> Exercise goal
The line containing "離乳食は、 鶏あんかけ粥(全粥、玉ねぎ、じゃが芋) うわずみ" and each line after it, through the final line of the data, are to be retyped exactly, with pictures left out.

-.-.-

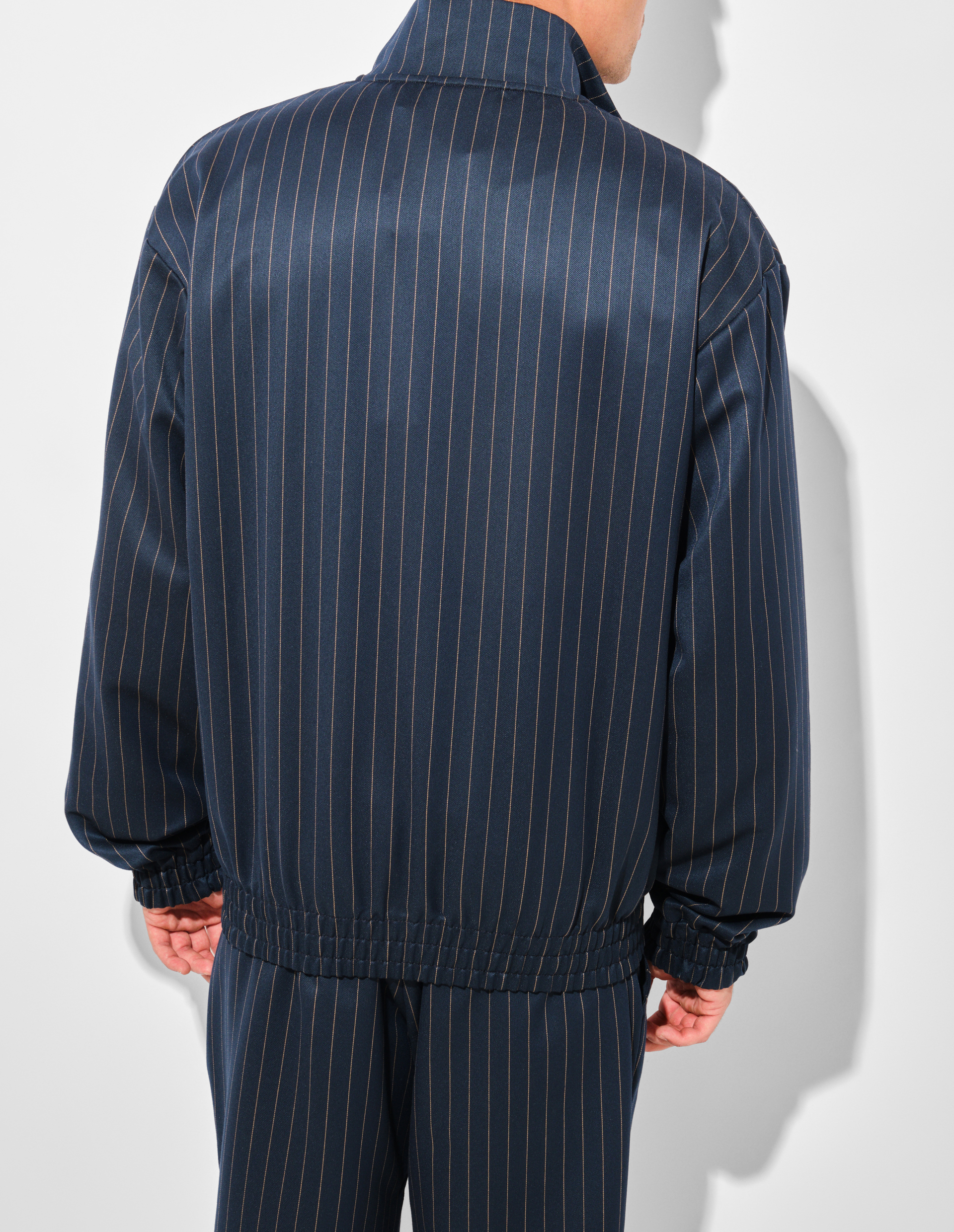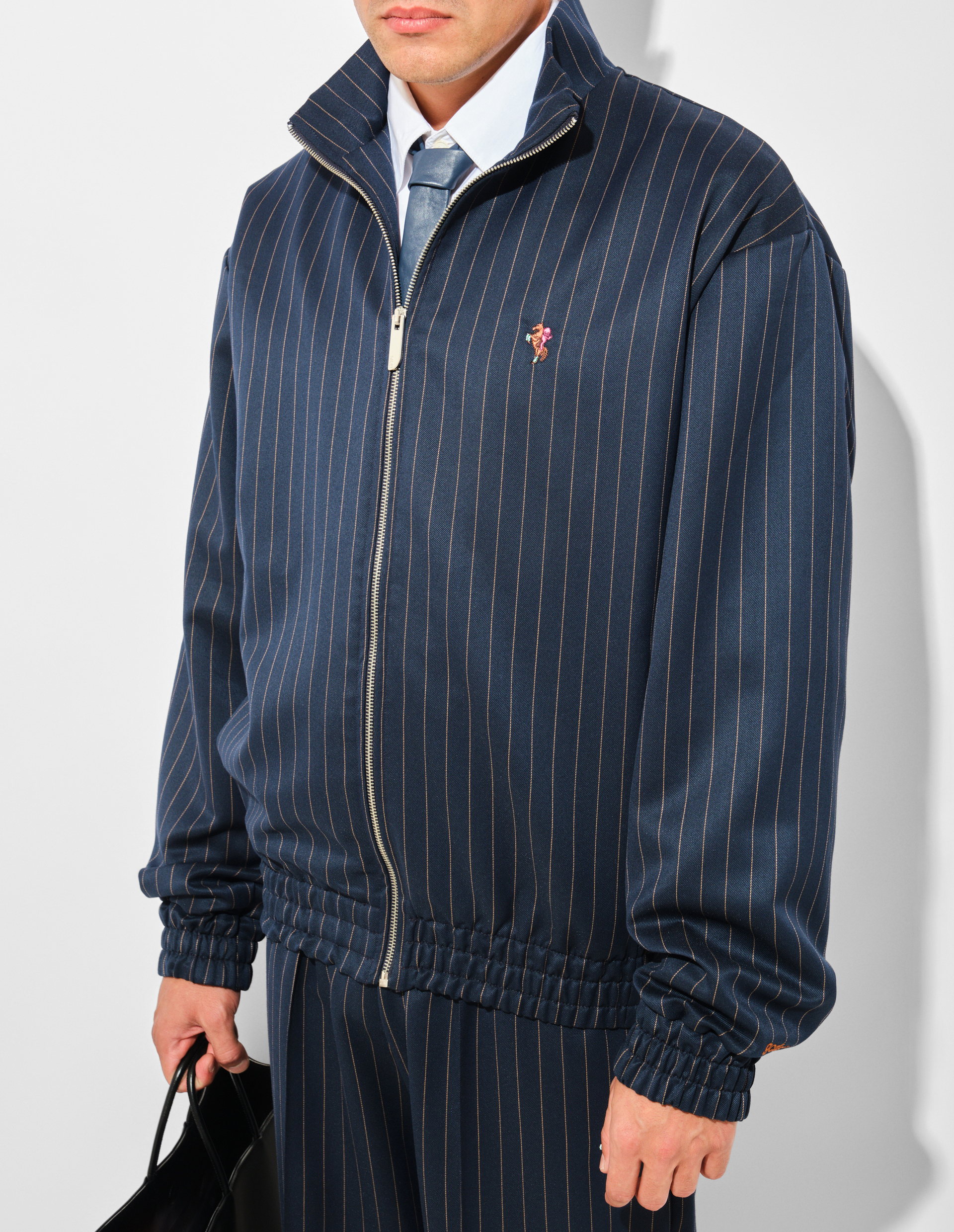 Синий в коричневую полоску джемпер может стать любимчиком для неспешных прогулок в холодный сезон. Его расслабленный стиль и состав из натурального органического хлопка дают уверенность и полный комфорт в движении. Высокий воротник на молнии под горло обеспечивает дополнительную защиту в непогоду, а также может стать стильной и цепляющей деталью в образе. Стилизуйте его с синими в коричневую полоску брюками бренда.
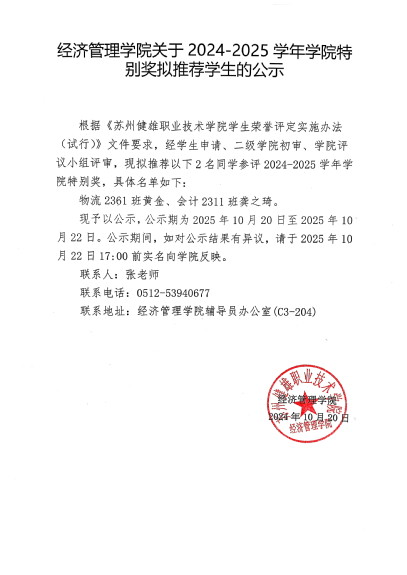 经济管理学院关于2024-2025学年学院特别奖拟推荐学生的公示
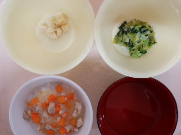 離乳食は、 鶏あんかけ粥(全粥、玉ねぎ、じゃが芋) うわずみ 野菜サラダ(キャベツ、小松菜) フルーツ(バナナ) です。
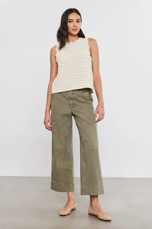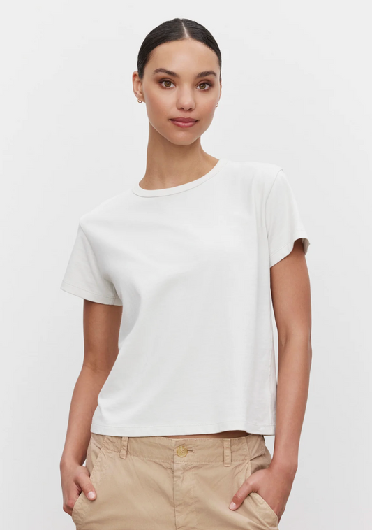 Cashmere Stripe Distressed Crew in Stone and Navy
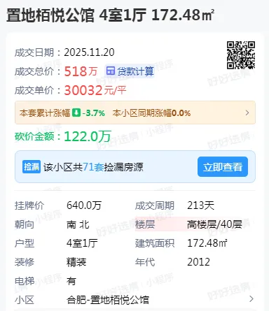 置地栢悦公馆172平户型,成交总价:518万元,成交单价30032元/㎡。

-.-.-

> Expected answer
 離乳食は、 鶏あんかけ粥(全粥、玉ねぎ、じゃが芋) うわずみ 野菜サラダ(キャベツ、小松菜) フルーツ(バナナ) です。
 Cashmere Stripe Distressed Crew in Stone and Navy
 置地栢悦公馆172平户型,成交总价:518万元,成交单价30032元/㎡。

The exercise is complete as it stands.